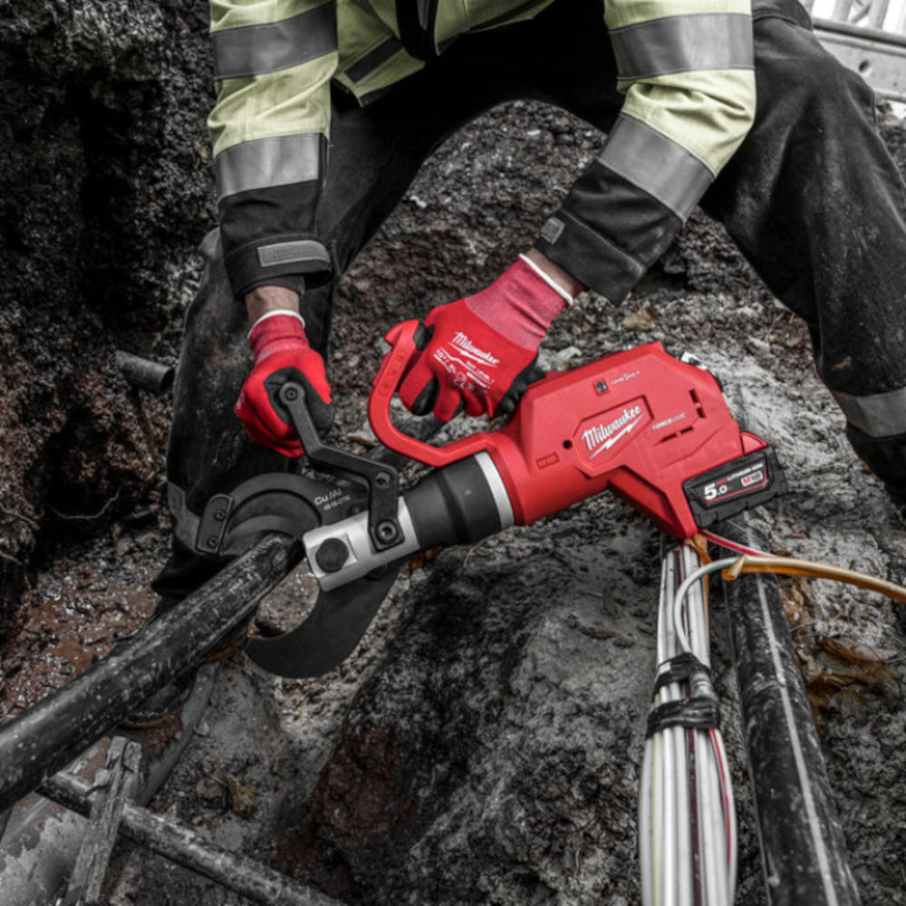 - Tăietorul hidraulic pentru cabluri subterane FORCE LOGIC™ taie cabluri în mai puțin de 10 secunde cu o forță de 77,8 kN
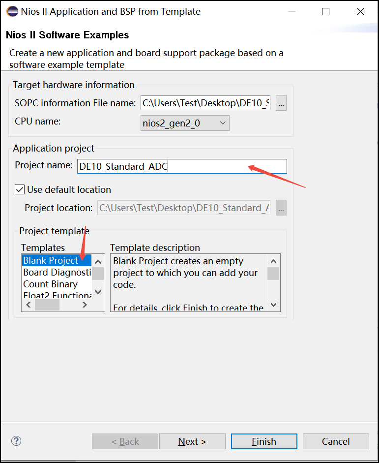 7. 在Project name 处填上软件工程的名称DE10_Standard_ADC, 然后选择Blank Project:
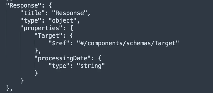 However, when I try to use this service in the rules editor the response fields are not available. What it offers is just one item called response. The openapi definition has different responses per status type and for 200 it mandates the structure in the example below {target.... name.... etc}
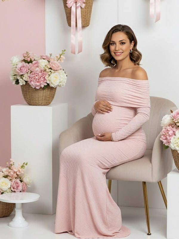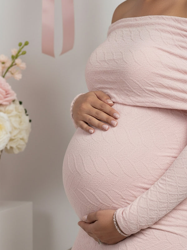 Momyknows Pink Textured Ruched Backless Mermaid Elegant Maternity Maxi Dress
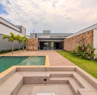 Cozinha integrada, espaço gourmet com varanda, piscina com prainha e preparação para aquecimento, lounge externo com lareira, amplo espaço de quintal, infraestrutura para energia fotovoltaica, ponto para carro elétrico, acabamento impecável de alto padrão.
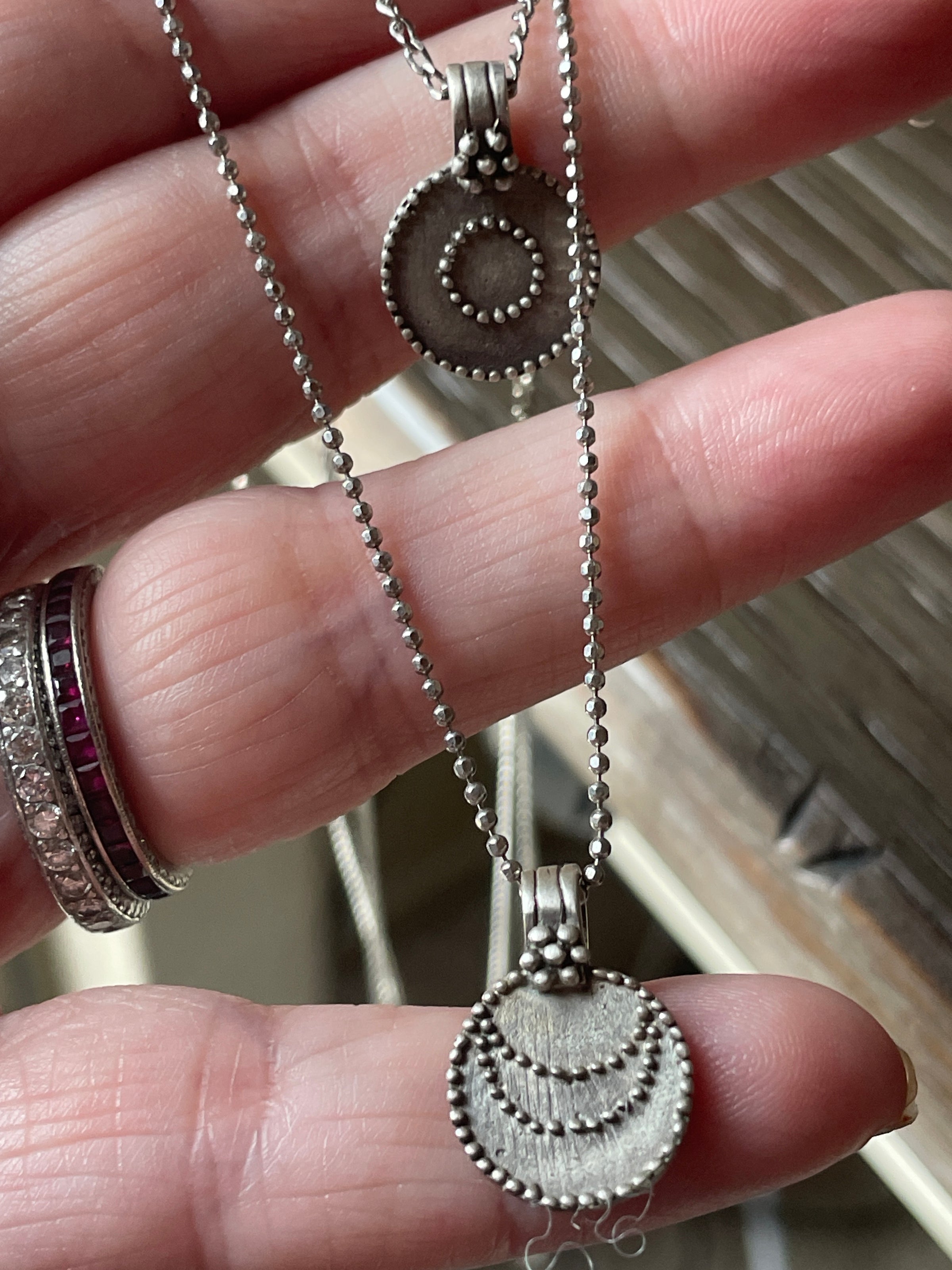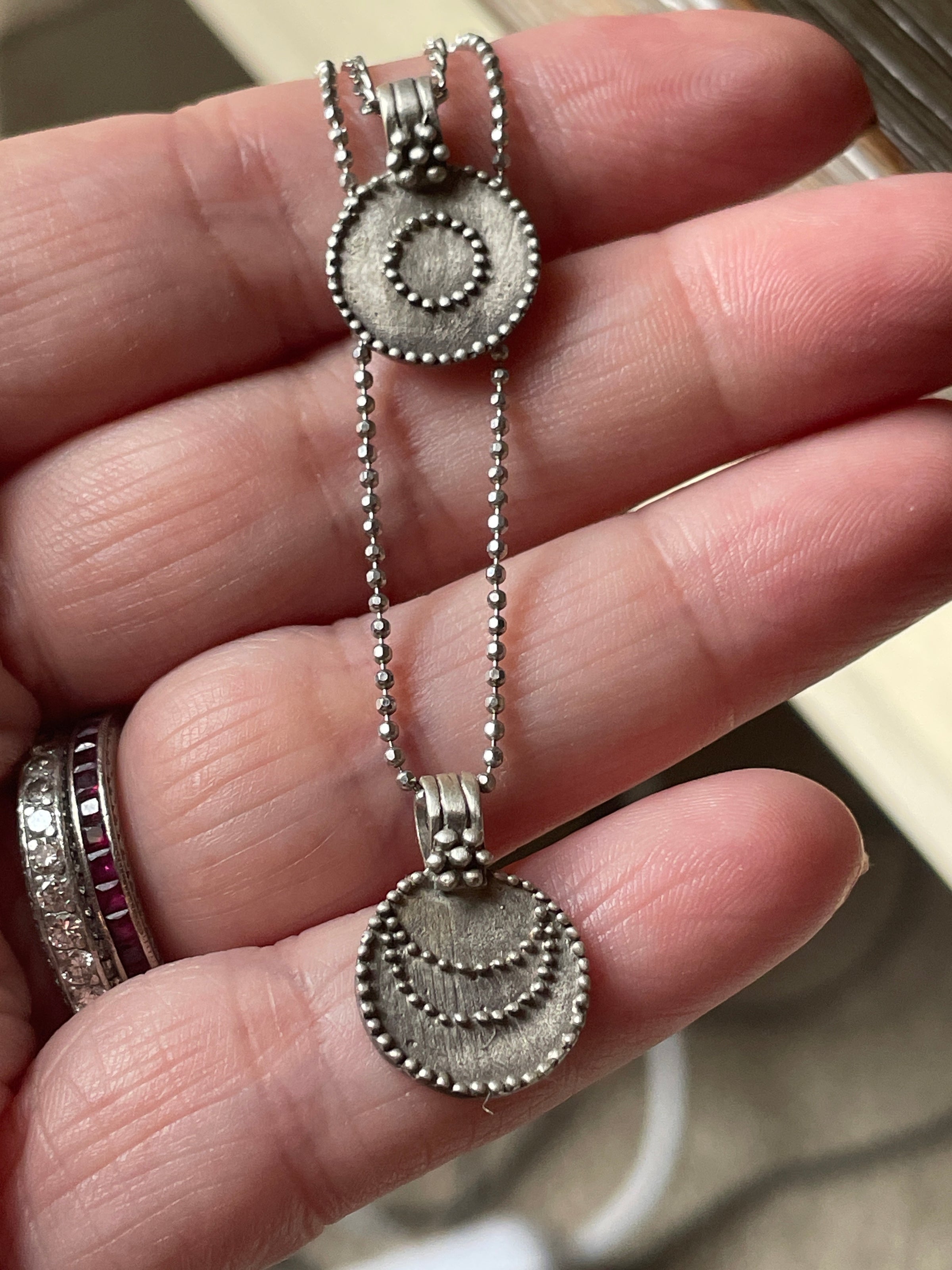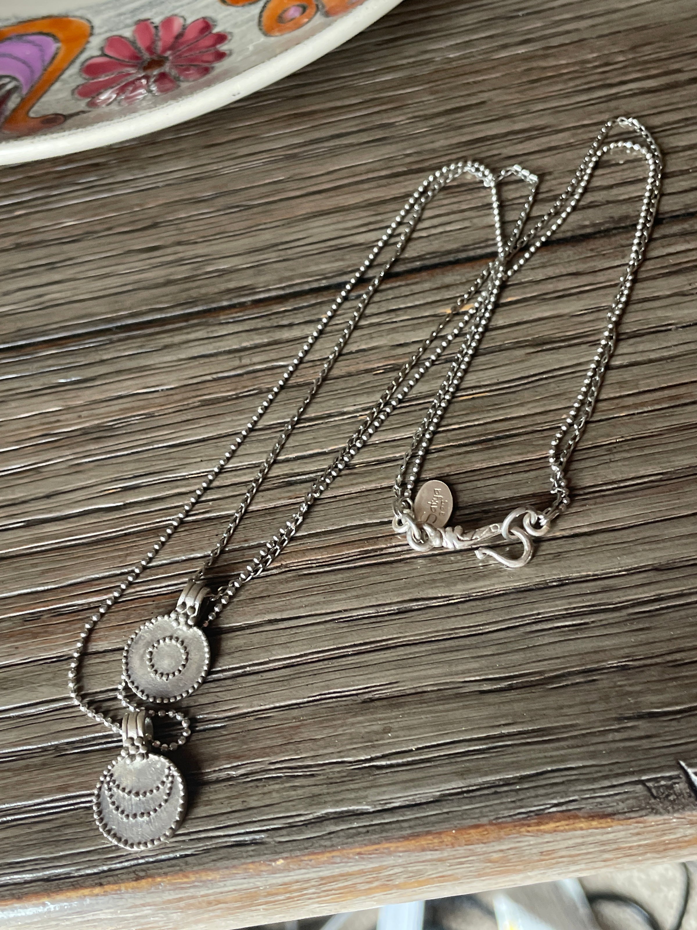 Rare double drop pendant in sterling silver with Sun and Moon.  Has a beautiful ball chain and an ornate clasp.  Measures approx 18 inches with one of the drops worn slightly higher.  Stamped “Satya” on a separate tag and “925.”  Each of the drops also stamped 925.

* _Task objective_
Only the lines from the one with "Cozinha integrada, espaço" to the last line of the listing, inclusive, are to be set down, exactly as they stand and without pictures.

* _Solution to this task_
 Cozinha integrada, espaço gourmet com varanda, piscina com prainha e preparação para aquecimento, lounge externo com lareira, amplo espaço de quintal, infraestrutura para energia fotovoltaica, ponto para carro elétrico, acabamento impecável de alto padrão.
 Rare double drop pendant in sterling silver with Sun and Moon.  Has a beautiful ball chain and an ornate clasp.  Measures approx 18 inches with one of the drops worn slightly higher.  Stamped “Satya” on a separate tag and “925.”  Each of the drops also stamped 925.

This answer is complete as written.